As the Predictive Business Unit, we utilize many different tools to make sure our workflow is as smooth as possible. Notebooks are one of the most important components of it, acting as a sandbox for us as we engineer new models, improve existing ones, and sometimes well, just good old fashioned debugging.

A notebook interface, sometimes also called a computational notebook, is the virtual notebook environment we use for literate programming. It takes the role of a word processing software; combined with the shell and kernel of that notebook’s programming language. Virtual notebooks are being used in a lot of areas; most fundamentals being data science, journalism, and education. A skillfully prepared notebook has proven to be an amazing learning tool at computational lectures, online courses and workshops.

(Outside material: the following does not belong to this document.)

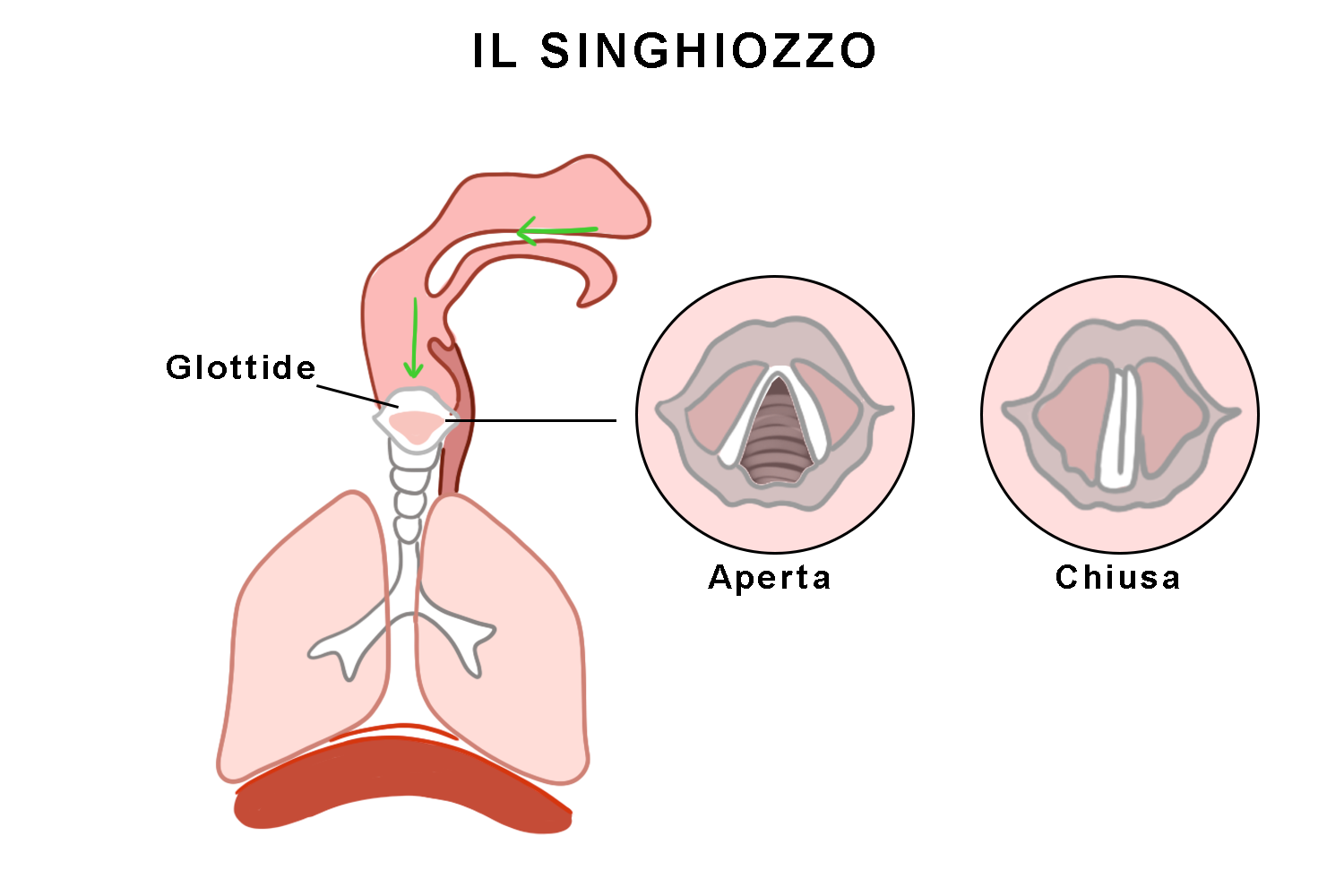- il singhiozzo, dato dall’attività del nervo frenico che viene irritato da rapida o eccessiva ingestione di cibi o bevande a temperature estreme oppure da stress che fa ingoiare aria;

Apache Zeppelin and Polynote are the main notebooks used in our team, and here you will read the comparison of the two.

Apache Zeppelin is a multi-purpose, web-based notebook that is optimized for data ingestion, discovery & analytics, as well as visualization and collaboration. It offers various interpreter support; most important of which are Apache Spark, Python, JDBC, Markdown and Shell.

Polynote is the open-source experimental notebook environment created and used by the developers of Netflix. It supports Scala and Python (with or without Spark), SQL, and Vega. It was developed from the need for some fundamental features that the existing notebook environments lacked. Such as autocompletion or parameter hints, features that are provided by IDEs, but nonexistent or laggy in the current notebooks.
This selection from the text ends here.